The different model architectures were evaluated through their performance on the validation subset of Dataset A. These results are shown in Table 1. It can be seen that the performance of the ResNeXt and DenseNet models is broadly similar, and that in both cases relatively small models can achieve high accuracy. It is worth noting that the DenseNet models are typically far smaller (in terms of number of parameters) than the ResNeXt models. For this reason, we chose the DenseNet model with \(l=12\), \(k=12\) as the final slice selection model.

It can also be seen that the hyperparameters of the U-Net segmentation model do not significantly effect the results, but there is a weak trend that deeper models with more downsampling and upsampling modules achieve a higher accuracy, probably reflecting the increased capacity of the network to capture global context. Accordingly, we selected the U-Net model with \(d=5\), \(l=1\), \(f=16\) as the segmentation model for further experiments.

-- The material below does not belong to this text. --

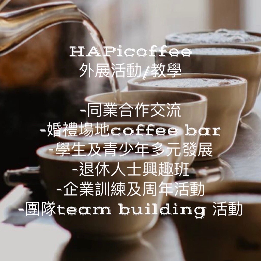 HAPicoffee 外展活動/教學 -同業合作交流 -婚禮場地coffee bar -學生及青少年多元發展 -退休人士興趣班 -企業訓練及周年活動 -團隊team building 活動 歡迎inbox 資料報價 預約見面討論活動內容 email :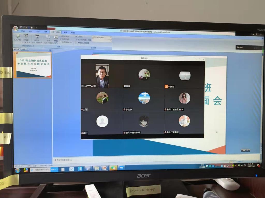 11月1日william威廉中文官网通过腾讯会议平台线上举办金融科技实验班专业教育及导师见面会。金融公司党委书记贾喜环、经理王重润、副经理窦丽琛、副经理范庆祝出席,2021级金融科技实验班导师及全体员工参加,会议由窦丽琛主持。

Table 1. Model selection results for the two tasks on the validation partition of Dataset A. Above slice selection using mean absolute error loss, below segmentation using the Dice loss (a perfect overlap between all three classes would have a loss of 3).
Table 2. Test results on unseen data. Above Segmentation results on the test partition of Dataset A, below body composition estimation on Dataset B.

4.2 Test Results

Results for the segmentation step in isolation using the selected models on the test partition of Dataset A are shown in Table 2. The Dice similarity coefficient (DSC) is used to measure the difference between the automatic segmentation and the manual ground truth. Our results improve upon those of Lee et al. [7], who had an average DSC of 0.93 for muscle, suggesting that the additional representational power of the U-Net and the more informative three-class training labels were effective at improving network accuracy. Additionally, our results improve upon those of Popuri et al. [11] who achieved Jaccard indices of 0.904 for muscle, and 0.912 for fat (visceral and subcutaneous as a single class) which correspond to DSC values of 0.950 and 0.954.

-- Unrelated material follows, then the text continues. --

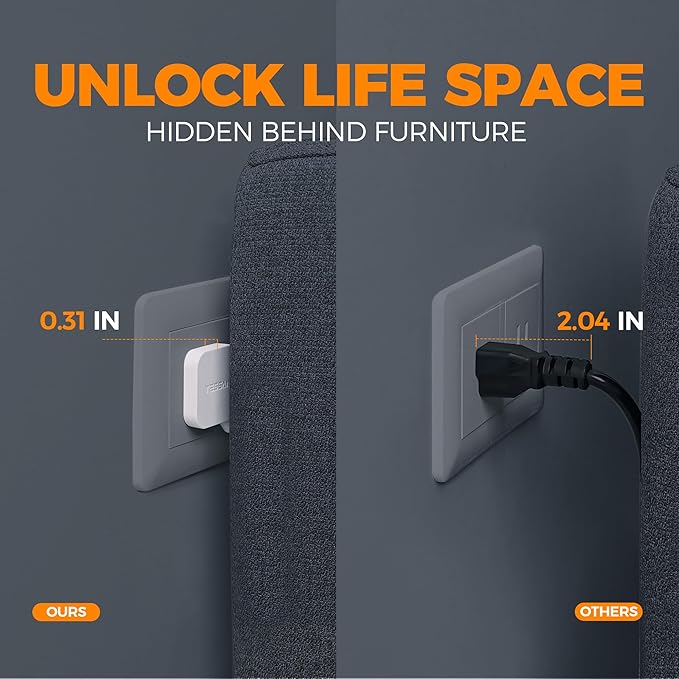 - Extra Long Cord 15 Ft: 0.31in flat cord and 15 feet extension cord can more flexibility to reach distant outlets and hard to reach places ; 45 degrees right angle design creates an extra space for other plug below without blocking

The full validation was then performed on Dataset B treating the two models as a single process that takes in a full abdominal CT series and produces estimates of body composition in terms of square cross-sectional area of muscle, subcutaneous fat, and visceral fat. In this case, the DSC is not an appropriate measure because the segmentation may be performed on a different slice from the ground truth mask. Table 2 compares the accuracy of the different tissue types and Fig. 3 shows some example outputs.

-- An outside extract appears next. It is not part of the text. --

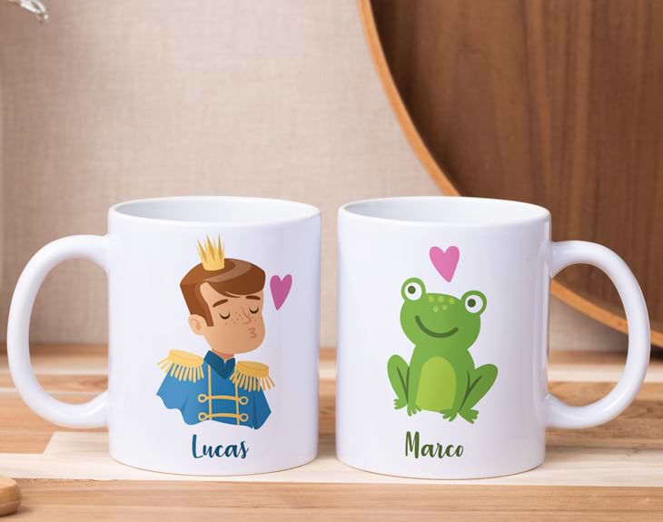 ¿Te imaginas besar a un sapo y que se convierta en tu príncipe azul? Si el amor ha aparecido en tu vida cuando menos te lo esperabas, estas tazas para parejas son perfectas para agradecer a esa personita todo lo que hace por ti. Además, si vuestra historia parece sacada de un cuento y te sientes más feliz que nunca, es el momento de demostrarle todo tu amor...¡Ahora solo queda que llenes de besos a tu príncipe favorito! Solo tienes que decirnos vuestros nombres para la personalización y se morirá de emoción e ilusión al ver este estuche tan divertido. Medidas: 26,5 cm x 25,5 cm.

The mean absolute localization error on the Dataset B test set was 9.4 mm, which lies within the range of the L3 vertebra on the majority of patients.

Fig. 3.
figure 3

Example results on two randomly-chosen series from the test dataset (Dataset B) and one with poor subcutaneous and visceral fat prediction (third row): left manually selected L3 slice, center L3 slice chosen by slice selection model, right automatically segmented slice showing muscle (red), subcutaneous fat (green) and visceral fat (blue). Areas given in the fourth column are estimated/true values. (Color figure online)

Fig. 4.
figure 4

Scatter plots of predicted tissue area versus ground truth tissue area for the three tissue types in Dataset B. Black dashed line indicates perfect prediction (\(y=x\)).

The slice selection model takes approximately 0.5 s to 1.0 s per series to run on our Nvidia V100 GPU hardware, with a further 0.02 s to 0.025 s for the segmentation model. This compares to the times reported in [11] of 0.60 s for the segmentation step alone on a CPU (although our model does make use of GPU hardware). This makes our approach suitable for use for large scale cohort studies and deployment within a clinical environment (Fig. 4).

5 Conclusions

We have demonstrated that a two-stage convolutional neural network model can estimate the abdominal muscle and fat areas on abdominal CT scans with high accuracy. We demonstrate higher segmentation accuracy and faster computation times than the current state of the art. These findings could enable population-scale research on metabolism by dramatically decreasing the costs associated with this type of analysis. This could ultimately make routine assessment of body composition a feasible part of the clinical imaging workflow.